Consider, on a rectangle ($0<x<L,\ 0<y<H$) $$\begin{cases} \triangledown^2u=Q(x,y), \text{on $D$}\\ \triangledown u \cdot\vec{n}=0\ \text{on $\partial D$} \end{cases}$$ Solve using the method of eigenfunction expansion.
So we wish to use the method of eigenfunction expansion. I am however stuck using the boundary conditions for this problem. So the idea is that we use the method of seperation of variables, which results in:
$$\begin{cases} \triangledown^2\phi=-\lambda\phi\ o\text{n}\ D\\ \phi\cdot\vec{n}=0\ \text{on}\ \partial D \end{cases} \\ u(x,y)=\sum_ia_i\phi_i$$
Could anyone give me a hint on how to continue this problem? I presume I need the Divergence theorem, which states (for this problem):
$$-\lambda\iint_D\phi dV=\iint_D \triangledown^2\phi dV\\=\oint_{\partial D}\triangledown\phi\cdot\vec{n}dV=0$$ But I am not sure how to continue with this result.

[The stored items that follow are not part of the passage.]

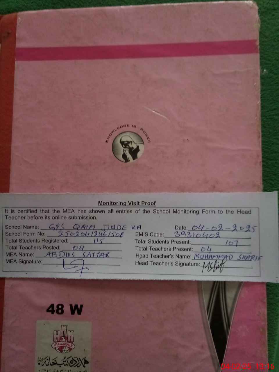 | Attendance Register | Head Teacher | MEA with School | Visit Proof |
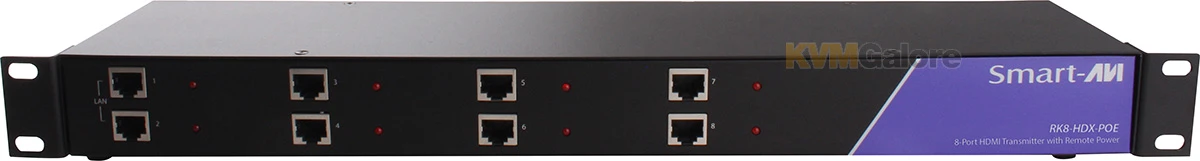 RK8-HDX-POE-S: 8-port rack-mount HDMI, IR and power extender over CAT-5e/6 (transmitter)
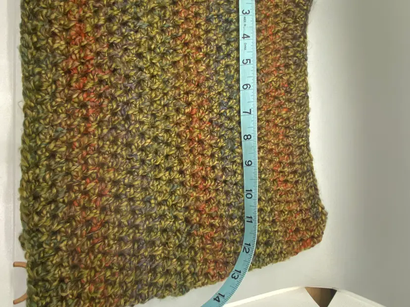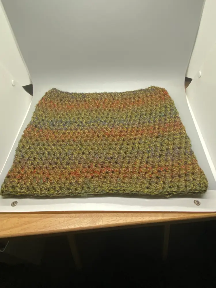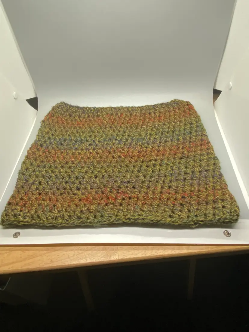Soft warm neutral autumn/winter colors (rust red, charcoal gray and olive green made with Lionbrand Homespun yarn approx. 13" wide x 11" long hand wash and dry flat for best results
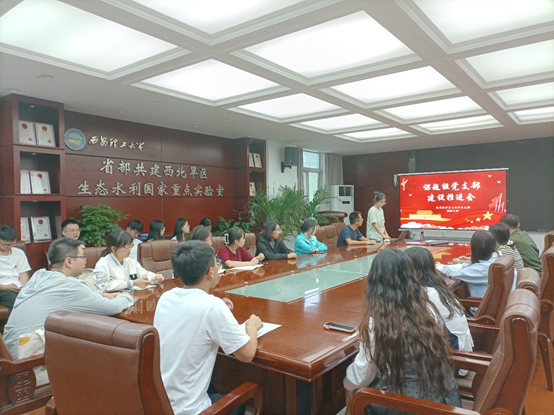 为庆祝新中国成立75周年,进一步增强党员身份意识,引领党员更加自觉地感恩党、听党话、跟党走,9月29日,Beat365中文官方网站流域泥沙与生态水文研究生党支部指导老师、学院副院长徐国策和全体学生党员在学科一号楼204会议室发起“我与祖国共奋进——迎国庆·心向党”主题党日活动。
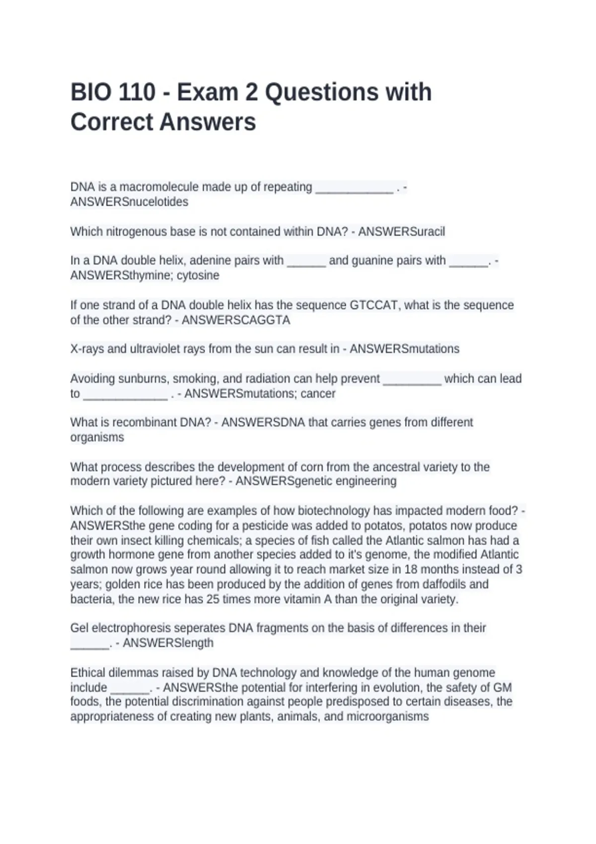 DNA is a macromolecule made up of repeating ____________ . - ANSWERSnucelotides Which nitrogenous base is not contained within DNA? - ANSWERSuracil In a DNA double helix, adenine pairs with ______ and guanine pairs with ______. - ANSWERSthymine; cytosine If one strand of a DNA double helix has the sequence GTCCAT, what is the sequence of the other strand? - ANSWERSCAGGTA X-rays and ultraviolet rays from the sun can result in - ANSWERSmutations Avoiding sunburns, smoking, and radiation can help prevent _________ which can lead to _____________ . - ANSWERSmutations; cancer What is recombinant DNA? - ANSWERSDNA that carries genes from different organisms What process describes the development of corn from the ancestral variety to the modern variety pictured here? - ANSWERSgenetic engineering Which of the following are examples of how biotechnology has impacted modern food? - ANSWERSthe gene coding for a pesticide was added to potatos, potatos now produce their own insect killing chemicals; a species of fish called the Atlantic salmon has had a growth hormone gene from another species added to it's genome, the modified Atlantic salmon now grows year round allowing it to reach market size in 18 months instead of 3 years; golden rice has been produced by the addition of genes from daffodils and bacteria, the new rice has 25 times more vitamin A than the original variety. Gel electrophoresis seperates DNA fragments on the basis of differences in their ______. - ANSWERSlength Ethical dilemmas raised by DNA technology and knowledge of the human genome include ______. - ANSWERSthe potential for interfering in evolution, the safety of GM foods, the potential discrimination against people predisposed to certain diseases, the appropriateness of creating new plants, animals, and microorganisms

Begin with $\nabla^2\phi = \lambda \phi$. Use separation of variables in $xy$-plane. Then you get the set of eigenfunctions. Write most general form of expansion and impose boundary conditions. Then construct Green function in terms of eigenfunctions. With the Green function, and $Q(x,y)$ as source, find solution $u(x,y)$.